A big part of the job of being a Health Law Prof is to help students understand the intersection of the many legal specialties that comprise the big tent of "Health Law." Wellness Programs are a good way of doing that because one of the key features of the Affordable Care Act is the flexibility it provides employers to link the cost their employees pay for health insurance with the individual employee's participation in a company sponsored "welleness program." Here's an article I wrote explaining how PPACA went about doing that. Here's a link to the Department of Labor's summary of the current rules and a good overview by the law firm Nixon-Peabody. This report from Rand is an overview of what these programs are and how companies have increasingly fallen in love with them. At this point just about every insurance company is offering to create one--here's some information from Aetna.
The problem is, there's very little evidence that these programs do anything to demonstrably improve health (whatever that may mean). And quite a bit that they may promote many different kinds of social injustice.
This article in the Harvard Business Review does a great job describing the kinds of programs that are now descending on employees and how they are creating disatsifaction without any scientifically supportable improvement in "health."
There is also a growing literature suggesting that these programs may disproportionately discourage workers who employers aren't that unhappy to see go--but might not legally be able to actually fire. Here is some very interesting testimony by Jennifer Mathis Director of Programs, Bazelon Center for Mental Health Law
On Behalf of the Consortium of Citizens with Disabilities.
Michelle Mello at Harvard has coined the term "life-style discrimination" to describe the ways Wellness Programs may target individuals employers may perceive as undesirable because they are obese, smoke or have other non-job related characteristics.
Studying Wellness Programs--and the issues they raise--can be an accessible entry point for students who can easily be intimated by the regulatory complexity of health law and can also be a bridge to understanding how fundamentally the Affordable Care Act has affected the way health care will be paid for and delivered as our students begin their careers in advising those struggling to implement these new regulations.
February 28, 2014 in Access, Affordable Care Act, Consumers, Coverage, Disabilities, Effectiveness, Employer-Sponsored Insurance, Genetics, Health Care, Health Care Costs, Health Care Reform, Health Law, Health Reform, HHS, Insurance, Mental Health, Obesity, Policy, Politics, PPACA, Prevention, Public Health, Quality, Reform, Workforce | Permalink | Comments (0) | TrackBack (0)
Tuesday, December 17, 2013
Stacey Tovino, a rock-star health law professor and Lincy Professor of Law at the UNLV William S. Boyd School of Law and I were nearly knocked off our chairs at a presentation by Wellesley College Professor Charlene Galarneau, PhD on The ACA Exemption of Health Care Sharing Ministries at the ASBH- American Association of Bioethics and the Humanity’s annual Meeting last month.
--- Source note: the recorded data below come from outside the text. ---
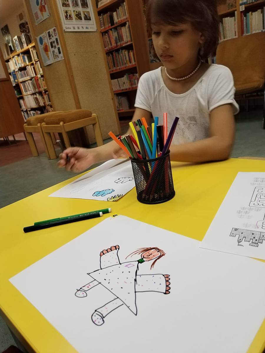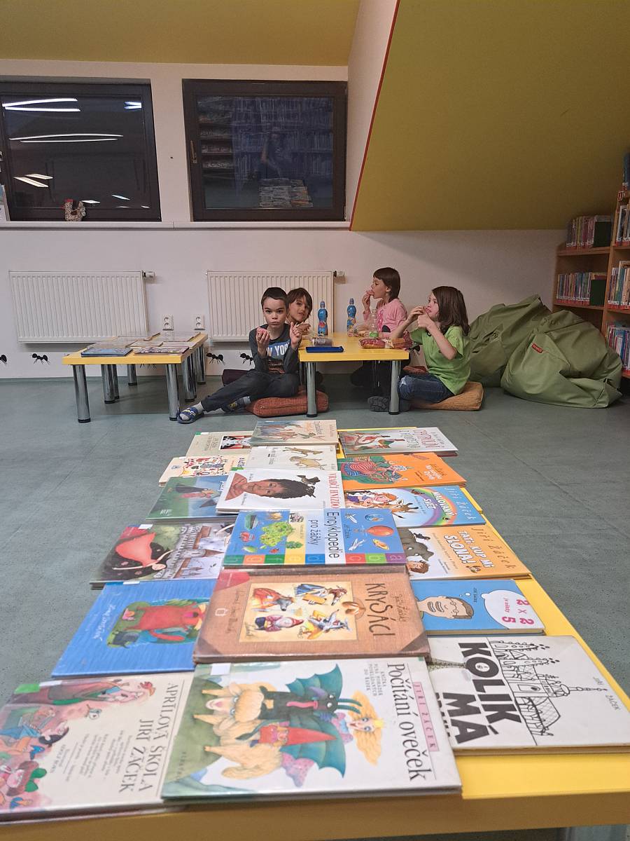 Děti se seznámily jak s Hansem Christianem Andersenem a s jeho díly, tak s Jiřím Žáčkem, který letos slaví 80. narozeniny. Společně jsme četli, hádali hádanky, doplňovali lidová rčení, ale také malovali, hráli hry a chytali duchy. Asi největší odezvu měla výprava noční knihovnou, kdy jsme pouze za svitu baterek prozkoumali všechna oddělení, hledali ukrytá zvířátka (a procvičovali paměť po návratu do dětského oddělení) a zjišťovali, zda je pověst o knihovním duchovi Albrechtovi pravdivá či ne…
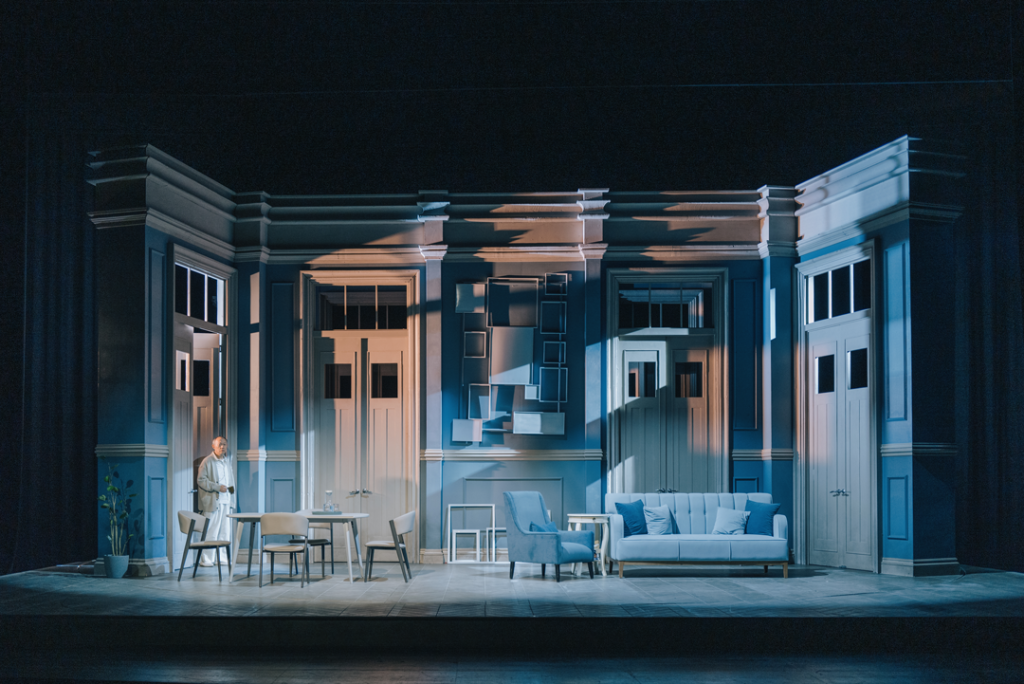 在澤勒的劇本中,關(guān)于如何體現(xiàn)父親病后所體驗的時空錯亂,他提示道:“隨著情節(jié)的推進,客廳里的擺設(shè)將一一消失,最后變成一個空無一物、中性的空間”,這句簡略的交代對舞臺設(shè)計是一個很大的挑戰(zhàn)。話劇《父親》對此的處理頗具創(chuàng)意,超出了原著的設(shè)定,成為一大亮點。
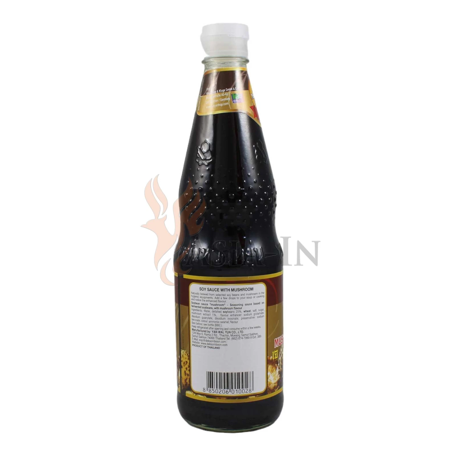 | Zutaten: | Wasser, Sojabohnen, 25%, Weizen, Salz, Zucker, Pilzextrakt, 1%, Geschmacksverstärker: Mononatriumglutamat E621, Geschmacksverstärker: Dinatriumguanylat E627, Geschmacksverstärker: Dinatriuminosinat E631, Konservierungsstoff: Natriumbenzoat E211, Farbstoff: Ammoniak-Zuckerkulör E150c, Aroma |
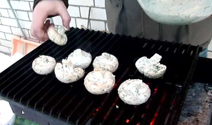 - Les champignons sont cuits sur le gril pendant 15 minutes au maximum, mais vous ne devez pas les laisser pour le moment afin qu'ils ne brûlent pas.
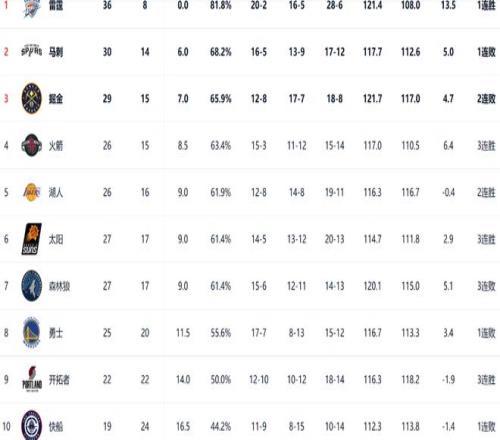 从目前西部的排名来看,雷霆仍然是以36胜8负,排名西部第一,他们领先第二名的马刺6个胜场。西部前三的争夺相比起第三到第七位不是特别激烈,掘金和火箭分列二、三位。
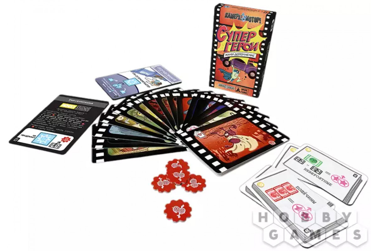 Мини-дополнение "Супергерои" добавляет в игру новые типы карт и правила, которые расширяют тактические возможности при съёмке фильма. Карта оборудования является одноразовой: после использования кубика на ней карта переворачивается и больше не участвует в партии. На некоторых картах сцен появились новые бонусы за завершение съёмок: пополнение бюджета или возможность уладить одну неприятность. Карты сценария в этом дополнении стали двусторонними, что позволяет игроку выбирать любую сторону карты при необходимости её замены в стопке.
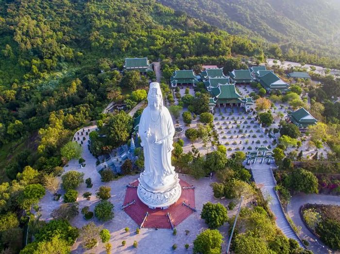 Linh Ung Pagoda (12km): This is undoubtedly an essential spot on the Da Nang Travel Map. In Da Nang, there are three pagodas named Linh Ung. The one located in Son Tra, right by the beautiful coastline, is often visited by many tourists to offer incense and seek good fortune.
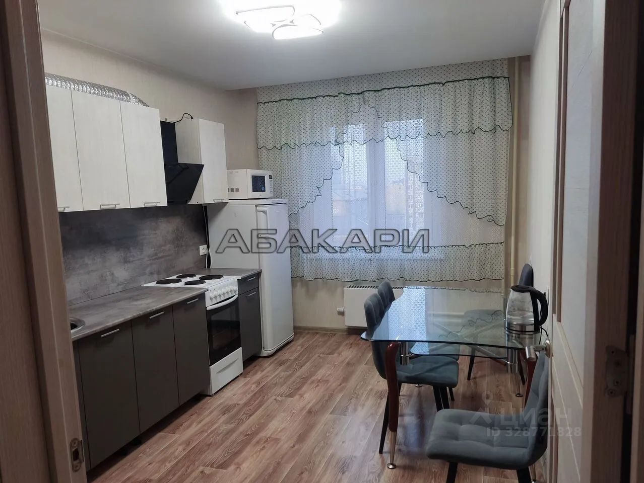Полностью укомплектованная кухня (гарнитур, плита, холодильник, микроволновка, чайник, вытяжка, стол, стулья).
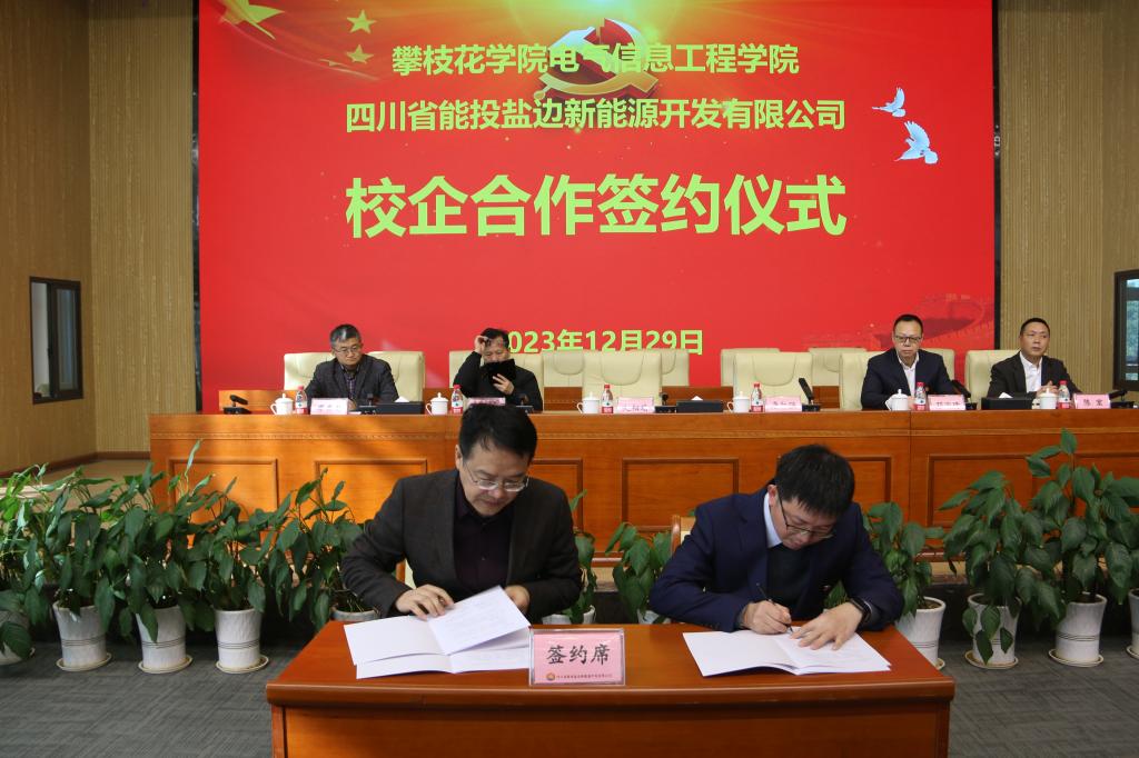 12月29日上午,beat365电气信息工程学院与四川省能投盐边新能源开发有限公司成功举行“校企合作协议书”签约仪式。电气信息工程学院、双创学院院长赵相瑜,电气信息工程学院党委副书记唐宇、副院长廖其龙,四川能投风电盐边公司党支部书记、执行董事唐红强,总经理邓国琦、副总经理陈宏出席仪式。

If you are a health law professor (or hobbyist) and do not yet know what a Health Care Sharing Ministry is, prepare to be surprised. It is NOT insurance but rather a non-binding agreement among people of faith to share their health care costs. As the Alliance of Health Care Sharing Ministries explains, “A health care sharing ministry (HCSM) provides a health care cost sharing arrangement among persons of similar and sincerely held beliefs. HCSMs are not-for-profit religious organizations acting as a clearinghouse for those who have medical expenses and those who desire to share the burden of those medical expenses.” It specifically does not provide the essential services of an ACA qualified plan. Yet those without health insurance who are participating in one of these ministries are exempt from the obligation to purchase insurance or pay a penalty—even though it is highly likely that the cost of their care will fall on the community where they become sick and seek treatment. Read more about it here and here. Health Care Sharing Ministries are among the 9 exemptions in the Affordable Care Act, yet have not attracted significant attention. Given their important role in exempting large numbers of people from the obligation of obtaining health insurance, they deserve a place, or at least a shout-out, in all of our classes.
December 17, 2013 in Access, Affordable Care Act, Coverage, Health Care, Individual Mandate , Policy, Politics, PPACA, Private Insurance, Public Health, Uninsured | Permalink | Comments (0) | TrackBack (0)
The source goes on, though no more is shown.